Nikt nie powinien mieć wątpliwości, że George Floyd miał być swego rodzaju religijnym męczennikiem. Wręcz kreowano go na Jezusa lewicy, zabitego niesprawiedliwie przez policje służącą białemu, patriarchalnemu porządkowi na czele którego stał ówcześnie Trump. Osobiście uważam, że próby przeistoczenia go w symbol parareligijny dokonano w dużej mierze w sposób odgórny. Nic w nim nie było bowiem wyjątkowego. Nie był on pierwszym czarnym zabitym przez policje. Nie był jakimś popularnym, sportowcem, muzykiem. aktorem, biznesmenem, politykiem czy działaczem na rzecz równości.
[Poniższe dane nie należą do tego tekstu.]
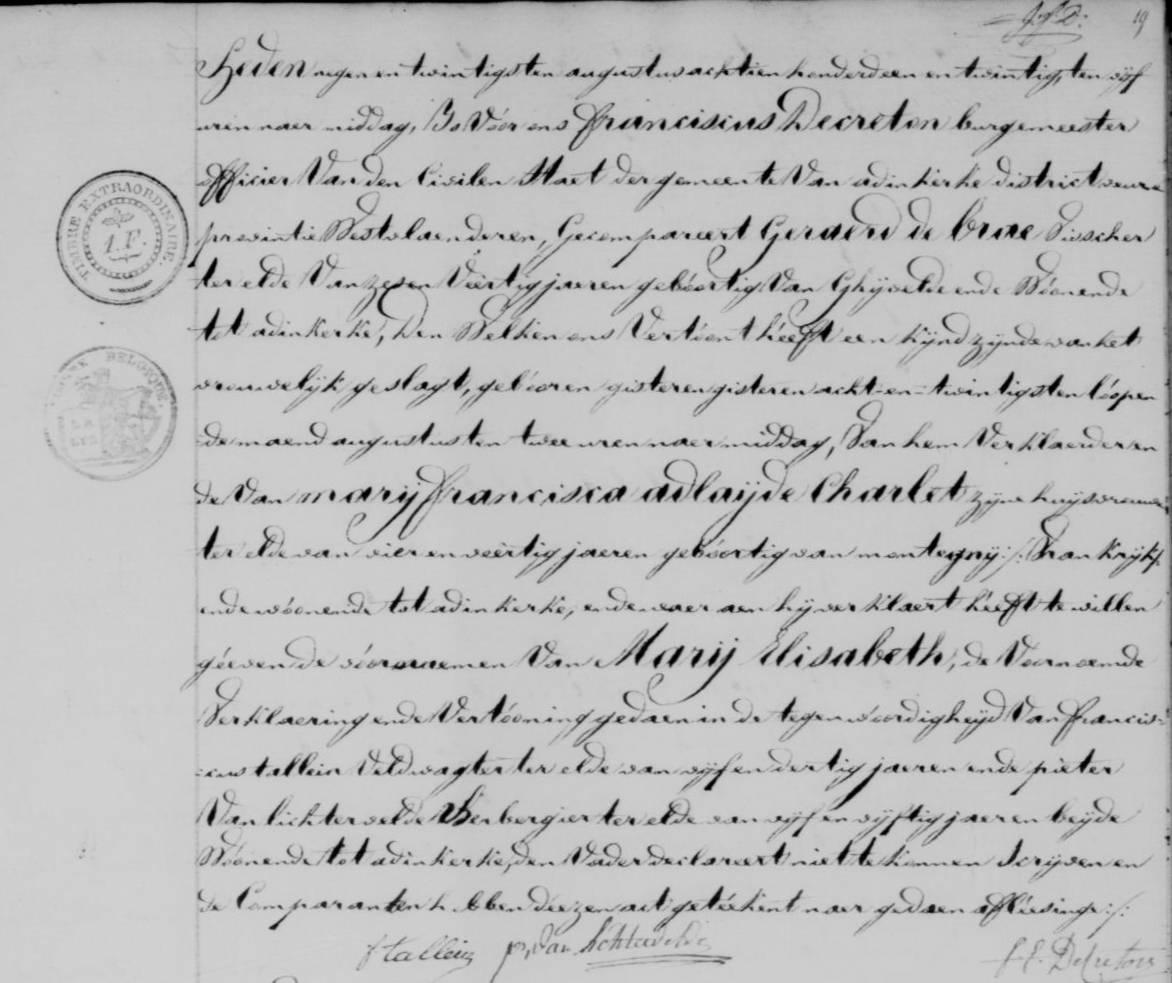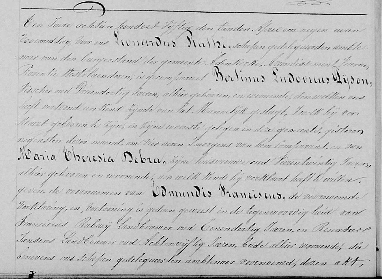 De geboorte werd aangegeven door Anna Maria Goubert, 71 jaar oud, die geholpen heeft bij de bevalling in de woonst van de moeder, gelegen Panne #287. Bertinus was toen reeds overleden (3 januari 1859).

Był za to narkomanem, przestępcą i aktorem porno, ale z jakiegoś powodu udało się jego śmierć nagłośnić co doprowadziło do zamieszek. Widać było jednak w tym zaangażowanie mediów jak i polityków z partii demokratycznej, a zwieńczeniem tego było uroczyste pochowanie go w złotej trumnie. Dziś robi się na jego temat też cały dokument. Wszystko to jednak wydaje się strasznie fałszywe i uważam, że większość ludzi podziela moje zdanie. Dlatego internet dość skutecznie uczynił z postaci Floyda mem. Nie udało się z niego zrobić faktycznego męczennika dla ameryki i dobrze bo to pokazuje, że symbole religijne nie są czymś co można ludziom narzucić. Symbole religijne rodzą się w społeczeństwach same.

#revoltagainstmodernworld #usa #polityka #religia #wiadomosciswiat
754919d2-f568-41a6-8e62-daebf75967e6
Cekyo

Pojedźmy klasykiem:

Oddychać muszę bo się uduszę

Mewtyla

Smacznej kawusi, policjant mnie dusi.